FORMULATION AND CHARACTERIZATION OF TRIMETAZIDINE HYDROCHLORIDE MICROSPHERES USING DOUBLE EMULSION SOLVENT EVAPORATION TECHNIQUE

Saraswathi S.* and Senthamarai R.

ABSTRACT

The present research work was intended to formulate and characterize Trimetazidine hydrochloride microspheres by a novel W/O/O double emulsion solvent evaporation technique which was designed to release the drug in the colon. Polymers such as Eudragit L 100 and S 100 were employed as encapsulation materials for preparing microspheres. Twelve trial formulations (FT1-FT12) were developed by varying the ratio of polymer combination and drug - polymer. Preformulation studies have been carried out for the drug and excipients. Morphological studies were performed for all prepared microsphere by Scanning Electron Microscopy. Percentage yield, particle size, percent drug content, encapsulation efficiency, in vitro drug release and kinetics were analyzed for all the trial batches (FT1-FT12).
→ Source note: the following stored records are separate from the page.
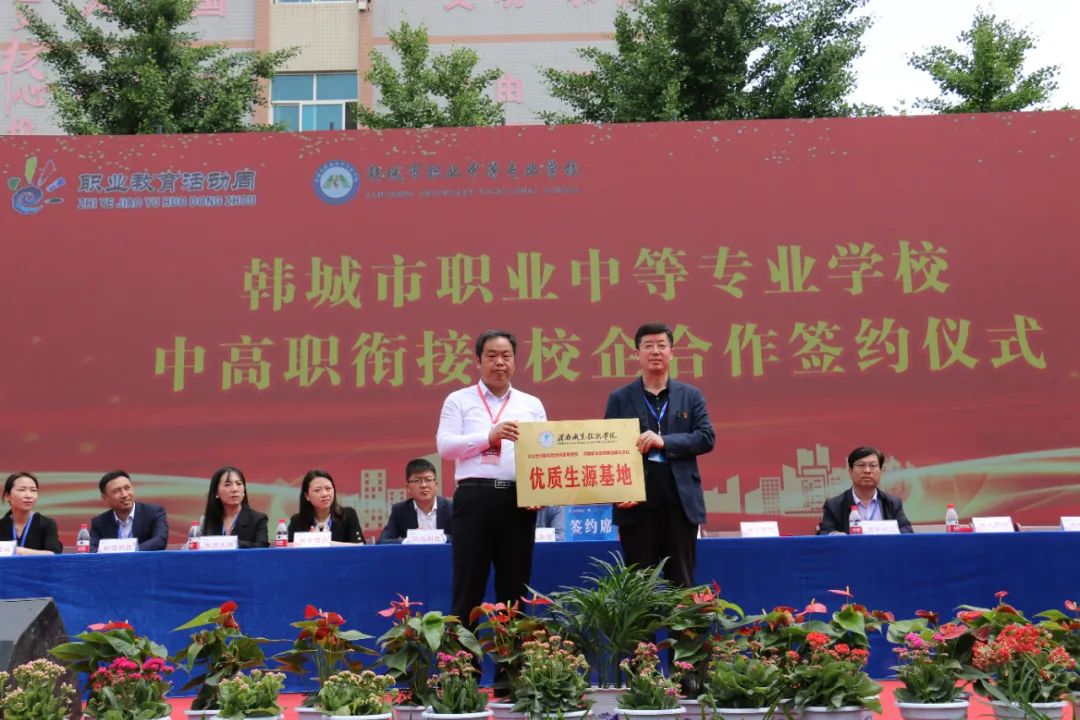 活动现场该校领导宣读了陕西省2023年职业院校技能大赛获奖师生表彰决定,并为获奖人员颁发荣誉证书。韩城市职业中等专业公司与公司在内的其他兄弟院校签订了“3+3”优才计划合作协议,党少平代表公司签订优质生源基地合作协议并授牌。双方表示就中高职衔接、人才培养、就业创业、社会服务、文化传承、资源共享等方面继续加强合作、深入交流。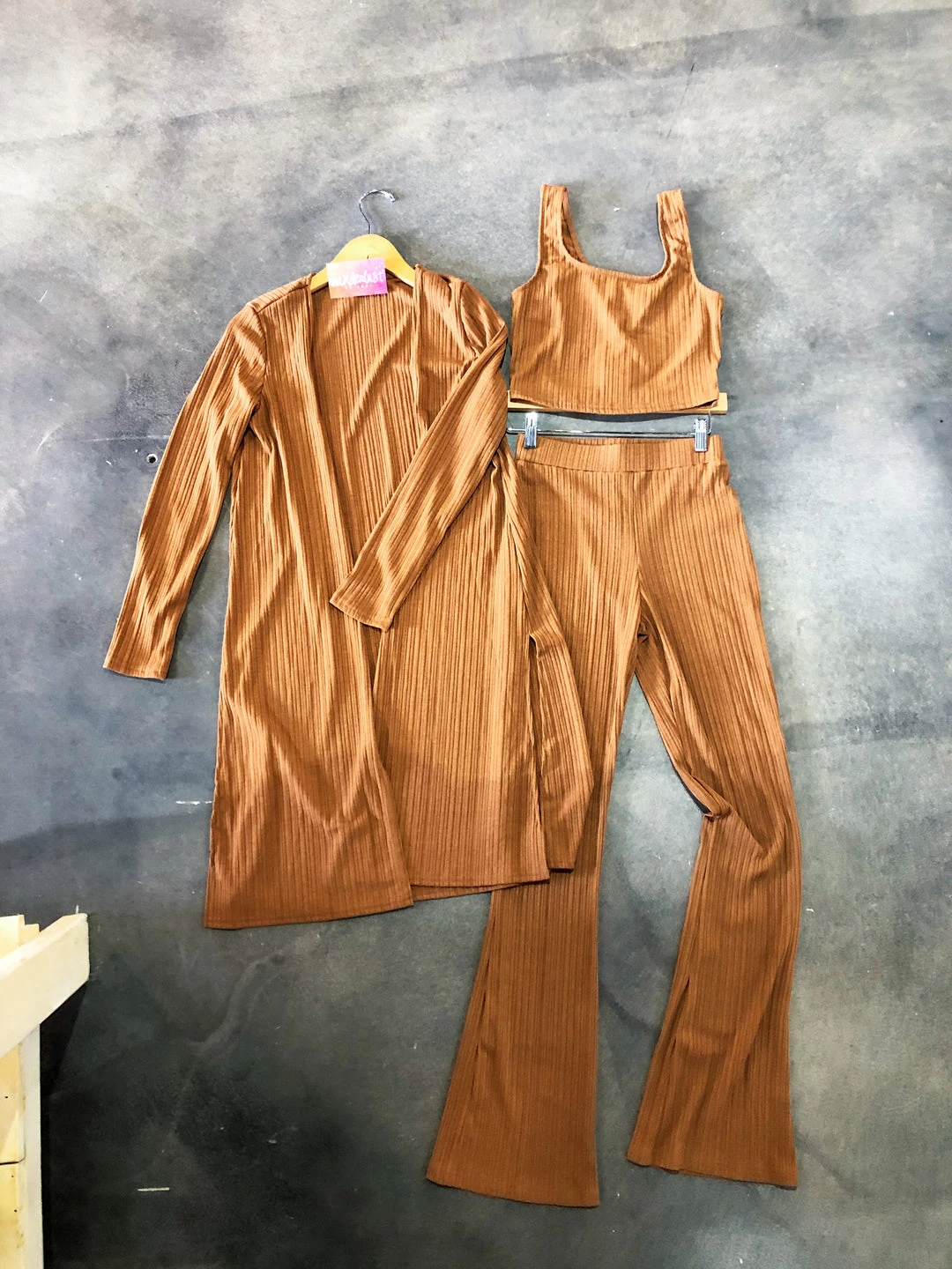3 Piece Ribbed Top, Midi Cardigan, And Flowy Pant SetÂ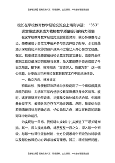 校长在学校教育教学经验交流会上精彩讲话:“353”课堂模式逐渐成为我校教学质量提升的有力引擎.docx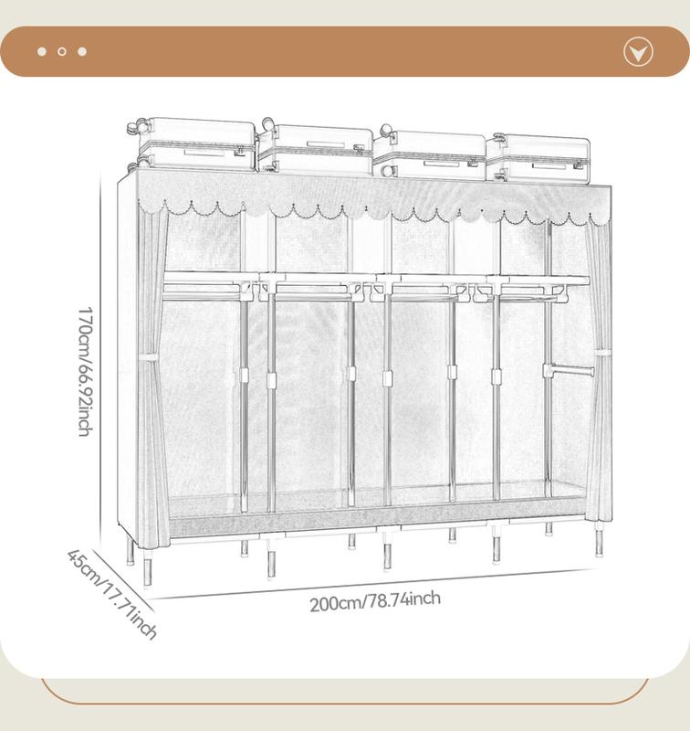 • Includes a thick fabric cover with zipper closure. It shields clothes from dust, featuring an elegant petal curtain head design. Keep your garments clean and protected effortlessly.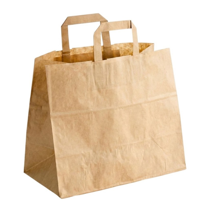Bolsas de papel kraft con asas formato take away grandes de 32+22x26 cm, fabricadas en papel kraft de 80 g.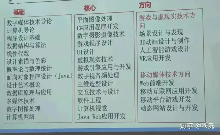 那么在一般大一,大二课程都是基础,小编建议基础肯定要打牢,在本专业中,小编建议要提前了解方向,然后做规划,你对编程感兴趣,那就死压编程,对游戏开发感兴趣,那就死走游戏开发(当然游戏开发是需要编程基础的),对短视频,摄影感兴趣,那就死拿捏那些软件。

From the results, it was observed that, Formulation FT7 with 1:1.5 ratio of Eudragit L & S 100 combination and drug- polymer ratio of 1:2 showed spherical shaped microspheres with a maximum encapsulation efficiency of 80.12% when compared with other batches. The in vitro drug release study inferred that the formulation FT7 showed a maximum release of 97.65% up to 24 hours in pH 6.8 which followed non-fickian zero order release kinetics. From the outcome of results, it was concluded that the Trimetazidine hydrochloride loaded Eudragit microspheres showed a maximum encapsulation efficiency with a colonic drug release of 24 h and can be used as an effective antianginal drug without any haemodynamic effects.

Keywords: Stable Angina Pectoris, Trimetazidine Hydrochloride, Microspheres.